# TASK DETAILS
Restate all the data word for word and omit the pictures.
Segment Start: DATA SEGMENT
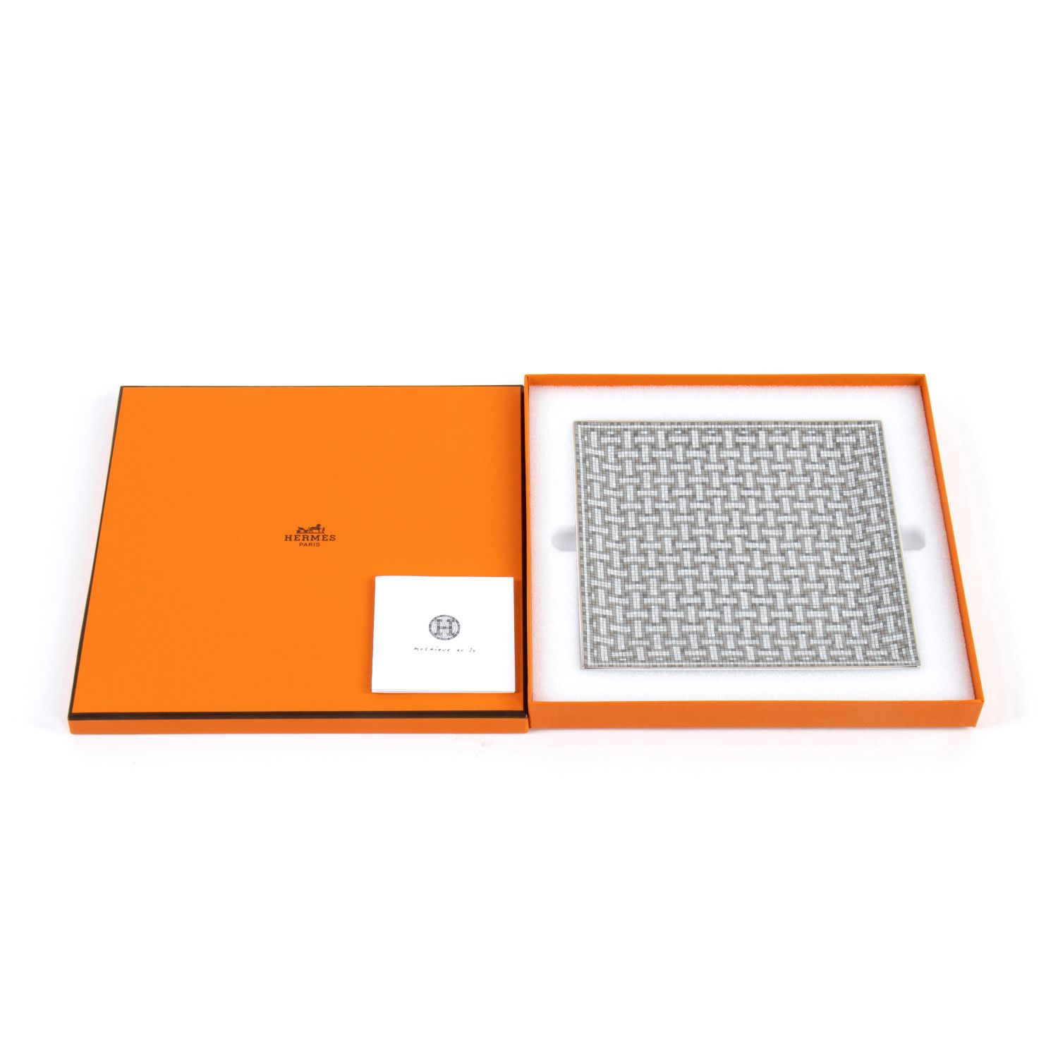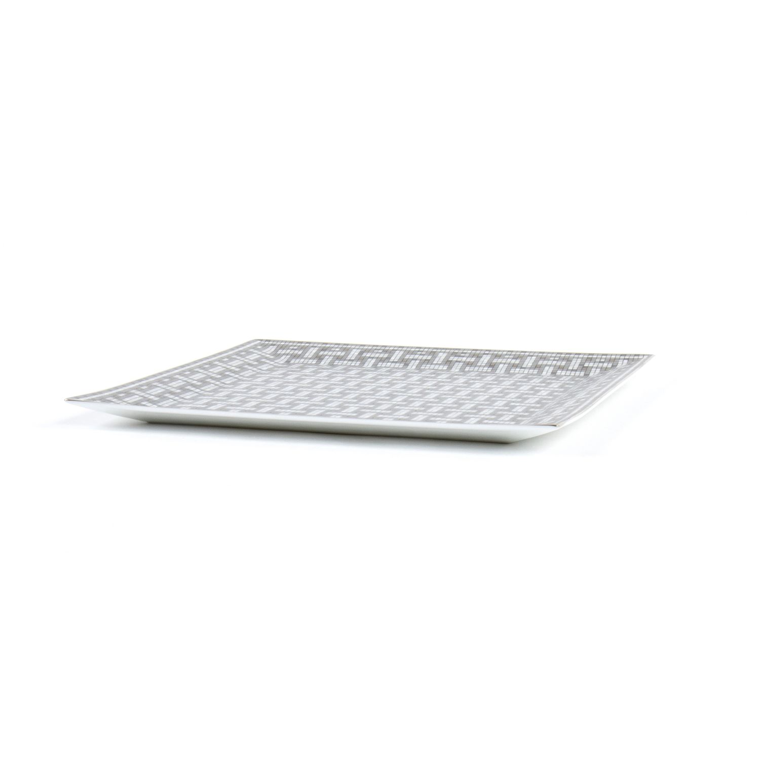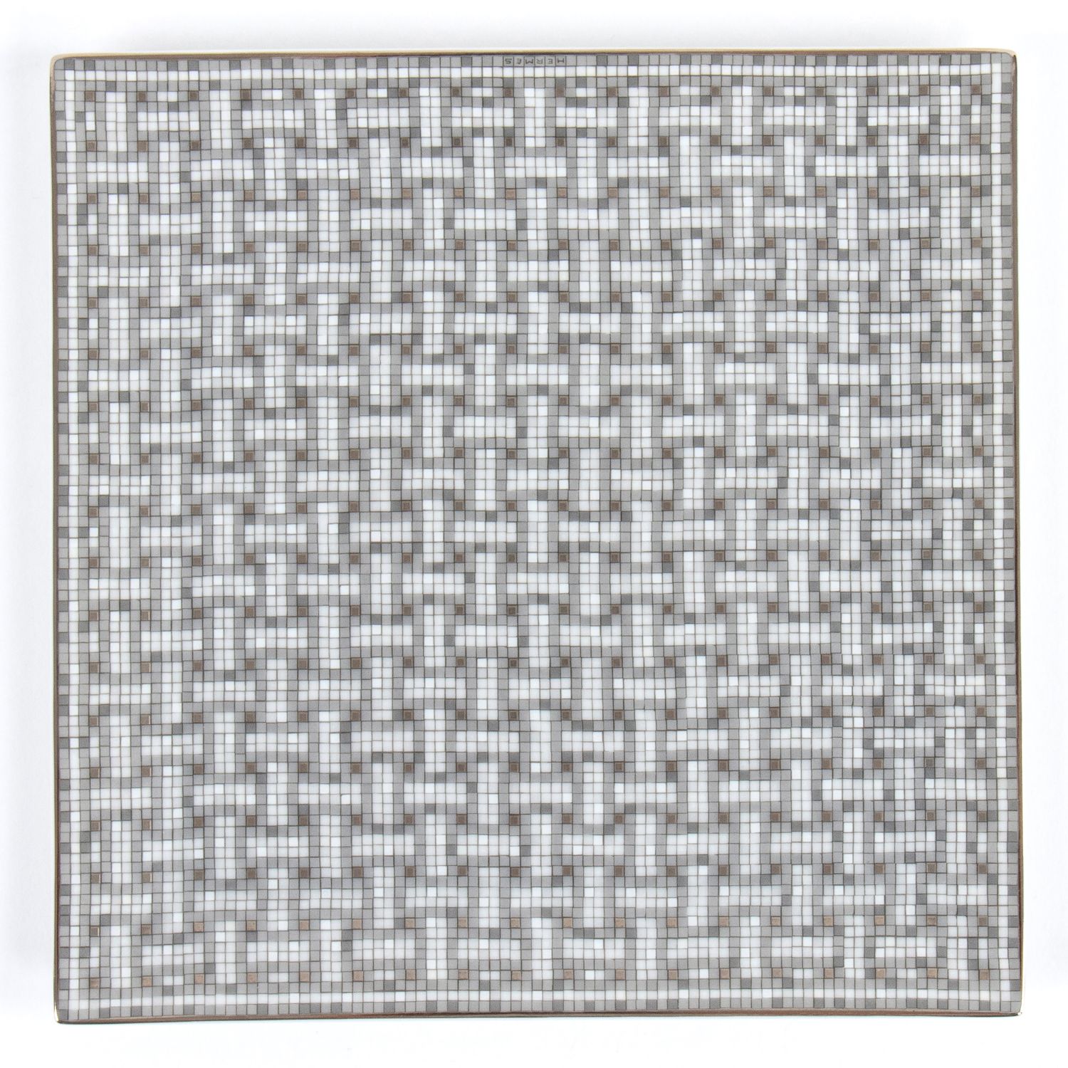 Piatto Hermes in porcellana motivo decorativo mosaico color argento, scatola originale, grado di condizione generale A (nuovo)
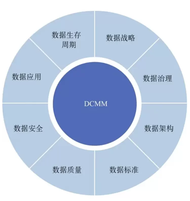 数据管理理论日趋成熟,将指导行业全面开展数据管理能力建设。Gartner公司率先在2008年提出了企业信息管理成熟度模型(EIM Maturity Model),成为数据管理理论的前身。该模型诞生于信息化阶段,将数据管理纳入企业信息架构,强调数据管理服务于企业信息技术基础设施建设和项目管理。国际标准化组织(International Organization for Standardization,ISO)于2008年推出ISO/IEC 38505-1《基于ISO/IEC 38500的数据治理》,从主体评估、指导和监督阐述数据治理过程。2014年后诞生的企业数据管理能力成熟度(Data Management Maturity,DMM)模型和数据管理能力评价模型(Data management Capability Assessment Model,DCAM)聚焦于数据本身,结合行业数据管理实践,归纳总结数据管理的关键环节,覆盖组织、技术、制度、流程、操作等多个方面。如图1所示,我国在综合考量国内外相关理论与实践的基础上,紧密结合国内数据行业的鲜明特色与成长需求,成功创建了国内首个数据能力成熟度评估体系——《数据管理能力成熟度评估模型》(Data management Capability Maturity Model,DCMM),并于2018年3月正式公布。这一模型为数据产业的稳健与有序发展提供了坚实的支撑与明确的指导。该标准明确界定了数据管理涵盖的8个核心能力域,即数据战略、数据治理、数据架构、数据应用、数据安全、数据质量、数据标准以及数据生存周期管理,从组织结构、制度规范、操作流程和技术实施4个方面全面评估企业的数据管理能力。与国际数据管理理论框架相比,DCMM更侧重于数据标准、数据安全和数据应用方面的考量,更好地适应我国数据管理的现实情况,满足我国数据管理能力建设的实际需求。
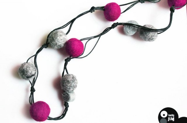 Bardzo lekkie korale z kul z filcu i filcowych elementów. Filcowe kule szare i fuksja. Niepowtarzalne i przyciągające uwagę.
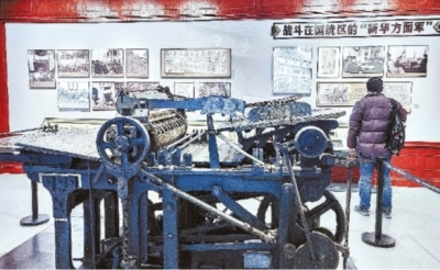 得知记者来自武汉,赵露特意介绍,这台印刷机与武汉有着密切联系!《新华日报》创刊前,社长潘梓年在武汉购得这台印刷机。1938年10月,这台印刷机从武汉迁来重庆。在《新华日报》发行9年多时间里,它一直担负着《新华日报》的印刷任务。
Segment End: DATA SEGMENT
# TASK OUTPUT
 Piatto Hermes in porcellana motivo decorativo mosaico color argento, scatola originale, grado di condizione generale A (nuovo)
 数据管理理论日趋成熟,将指导行业全面开展数据管理能力建设。Gartner公司率先在2008年提出了企业信息管理成熟度模型(EIM Maturity Model),成为数据管理理论的前身。该模型诞生于信息化阶段,将数据管理纳入企业信息架构,强调数据管理服务于企业信息技术基础设施建设和项目管理。国际标准化组织(International Organization for Standardization,ISO)于2008年推出ISO/IEC 38505-1《基于ISO/IEC 38500的数据治理》,从主体评估、指导和监督阐述数据治理过程。2014年后诞生的企业数据管理能力成熟度(Data Management Maturity,DMM)模型和数据管理能力评价模型(Data management Capability Assessment Model,DCAM)聚焦于数据本身,结合行业数据管理实践,归纳总结数据管理的关键环节,覆盖组织、技术、制度、流程、操作等多个方面。如图1所示,我国在综合考量国内外相关理论与实践的基础上,紧密结合国内数据行业的鲜明特色与成长需求,成功创建了国内首个数据能力成熟度评估体系——《数据管理能力成熟度评估模型》(Data management Capability Maturity Model,DCMM),并于2018年3月正式公布。这一模型为数据产业的稳健与有序发展提供了坚实的支撑与明确的指导。该标准明确界定了数据管理涵盖的8个核心能力域,即数据战略、数据治理、数据架构、数据应用、数据安全、数据质量、数据标准以及数据生存周期管理,从组织结构、制度规范、操作流程和技术实施4个方面全面评估企业的数据管理能力。与国际数据管理理论框架相比,DCMM更侧重于数据标准、数据安全和数据应用方面的考量,更好地适应我国数据管理的现实情况,满足我国数据管理能力建设的实际需求。
 Bardzo lekkie korale z kul z filcu i filcowych elementów. Filcowe kule szare i fuksja. Niepowtarzalne i przyciągające uwagę.
 得知记者来自武汉,赵露特意介绍,这台印刷机与武汉有着密切联系!《新华日报》创刊前,社长潘梓年在武汉购得这台印刷机。1938年10月,这台印刷机从武汉迁来重庆。在《新华日报》发行9年多时间里,它一直担负着《新华日报》的印刷任务。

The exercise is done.